I've tried this setup and I cannot get the 600EX-RT to work when triggered from my Elinchrom transmitter hooked on my 5DIII hot shoe. I have the following gear:

-Elinchrom Ranger Quadra Hybrid (built-in skyport)
-Elinchrom Transmitter plugged in my 5DIII hot shoe
-Canon 600EX-RT
-FlashZebra female hot shoe to PC adapter/cable
-Elinchrom Receiver plugged to the 600EX-RT via the FlashZebra adapter

My 600EX-RT is in manual mode. Oddly, if I trigger my 600EX-RT on the flash unit directly it then communicates with my Elinchrom ranger quadra hybrid system and all flashes (including the 600EX-RT) trigger together wirelessly. However, if I trigger my flash system via my Elinchrom transmitter or the test flash button on my ranger hybrid, ONLY the Elinchroms fire and not the 600EX-RT.

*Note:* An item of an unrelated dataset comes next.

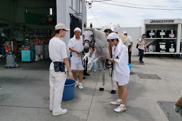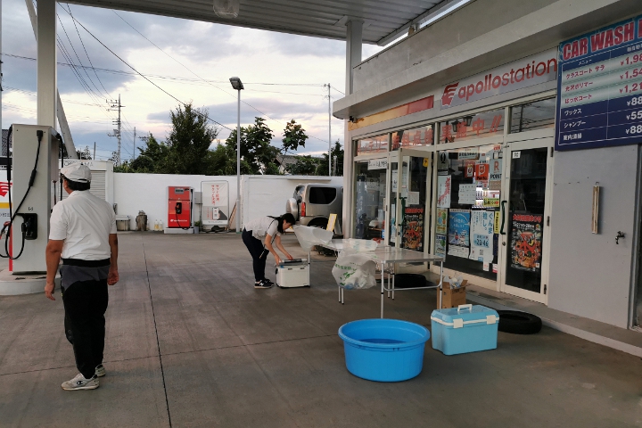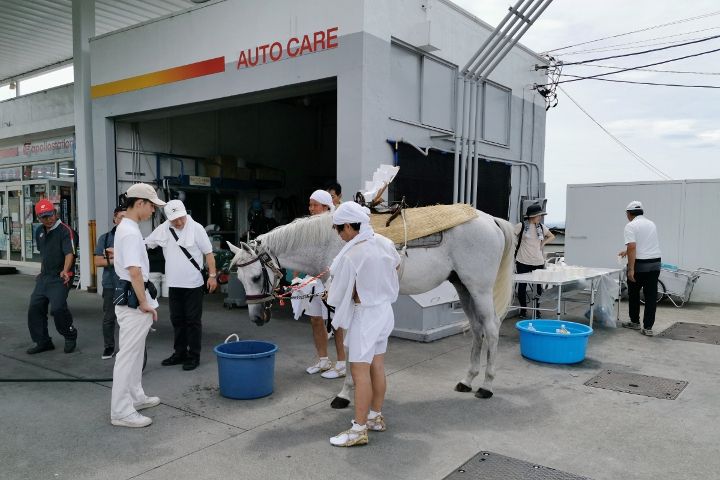 続いて2日目。本日のK’azuの持ち場である町内のガソリンスタンドに行くと、どこから連れてきたのか一頭の馬がいました。

Why would it only work one way? Any help would be greatly appreciated!

Kevin


EDIT -

Woohoo! I guess I had to finally post my question after all my searching to finally find the solution: set to ETTL and Group B. Then poof! Elinchrom system can wirelessly trigger my 600EX-RT using a Skyport Receiver and FlashZebra female hot shoe to 3.5mm adapter.

Posted the above solution for any other member who might run into this issue!